(Stored data)
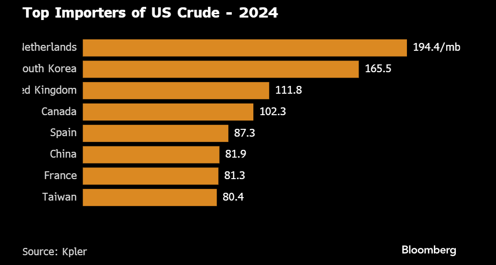 根据Kpler的数据,今年以来,美国对中国的石油出口量急剧下降到8190万桶,比去年的1.506亿桶下降了46%。它使中国从去年第二大美国石油客户下降到第六。
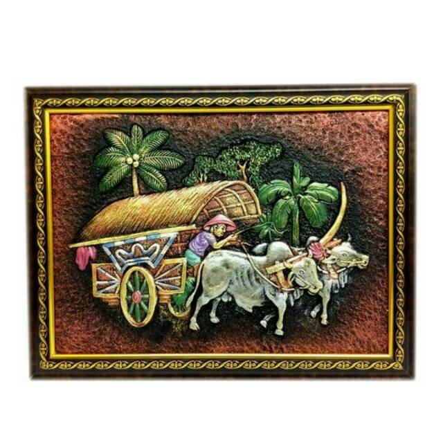 Perlengkapan Rumah > Dekorasi > Bingkai Foto & Pajangan Dinding > TERMURAH! TERLARIS! Lukisan Timbul 3D Relief Gambar Petani dan Kereta Sapi 42x32 cm Dekorasi Rumah
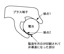 ボタン型電池の側面はプラス側の電極であるが、製造年月日が非導通の不滅インクで印刷されている。電極との接触点が1ケ所だと、接触点と印刷位置とが一致したとき導通しなくなるので、接触点を図のように2ケ所とるのが好ましい。印刷部分を検知して接点を動かすような凝ったことをするとコストが高くなる。この時は、本例のような単純な冗長設計が役に立つ。
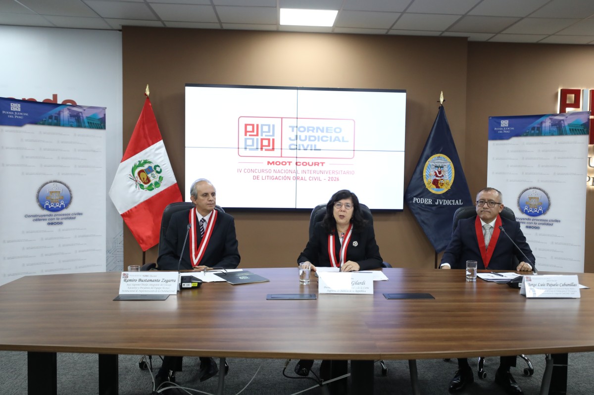 Lima, 17 de Abril 2026.- La presidenta del Poder Judicial, Janet Tello Gilardi, declaró hoy de manera oficial el lanzamiento del IV Concurso Nacional Interuniversitario de Litigación Oral Civil – 2026, evento esperado que busca fortalecer la formación práctica de las y los estudiantes de Derecho de universidades públicas y privadas en litigación oral sobre materia civil.
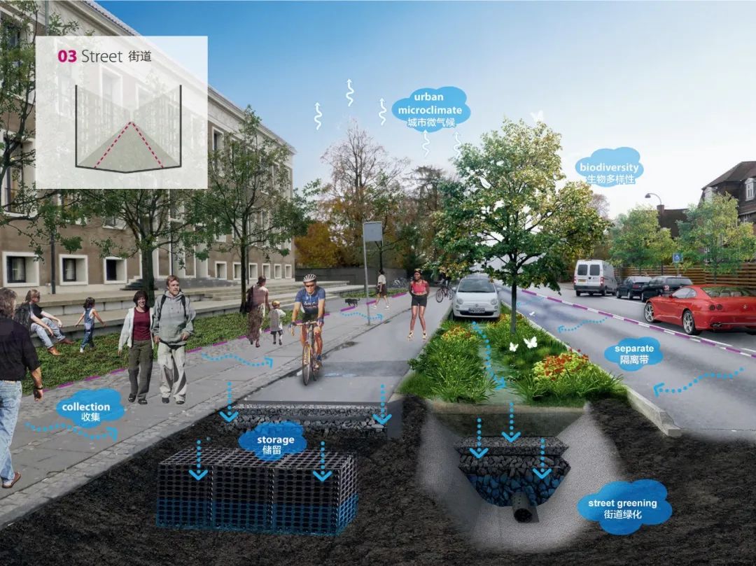 另一個用來緩解極端暴雨影響的具體策略是雨水滯留街道。這些街道通常是位于低洼、脆弱區(qū)域上游的次級道路,通過街道內(nèi)部的設(shè)計來創(chuàng)造巨大的蓄水空間。在不對交通產(chǎn)生重大妨礙的情況下,這些次級道路通常可被改造成雨水滯留街道。通過增加洼地、透水鋪裝等方式實現(xiàn)對雨水的滯留,并可以凈化雨水,從而實現(xiàn)對地下含水層的補(bǔ)給。
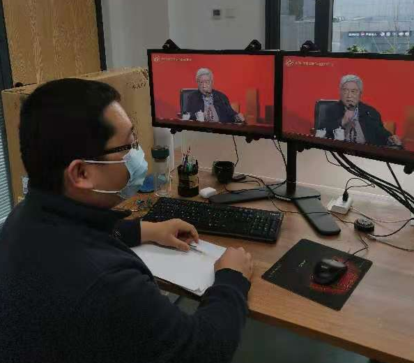 医工交叉创新研究院以及医学科学与工程学院全院教职工通过网络视频方式进行学习收看。
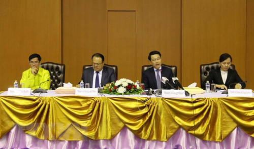 Ngọai trưởng Lào, thứ hai từ phải sang cho biết sẽ dừng các dự án thủy điện

■ **TASK GOAL**: From the line containing "ボタン型電池の側面はプラス側" through the line containing "Lima, 17 de", copy every line above exactly, without pictures.

■ **OUTPUT OF THE EXERCISE**:
 ボタン型電池の側面はプラス側の電極であるが、製造年月日が非導通の不滅インクで印刷されている。電極との接触点が1ケ所だと、接触点と印刷位置とが一致したとき導通しなくなるので、接触点を図のように2ケ所とるのが好ましい。印刷部分を検知して接点を動かすような凝ったことをするとコストが高くなる。この時は、本例のような単純な冗長設計が役に立つ。
 Lima, 17 de Abril 2026.- La presidenta del Poder Judicial, Janet Tello Gilardi, declaró hoy de manera oficial el lanzamiento del IV Concurso Nacional Interuniversitario de Litigación Oral Civil – 2026, evento esperado que busca fortalecer la formación práctica de las y los estudiantes de Derecho de universidades públicas y privadas en litigación oral sobre materia civil.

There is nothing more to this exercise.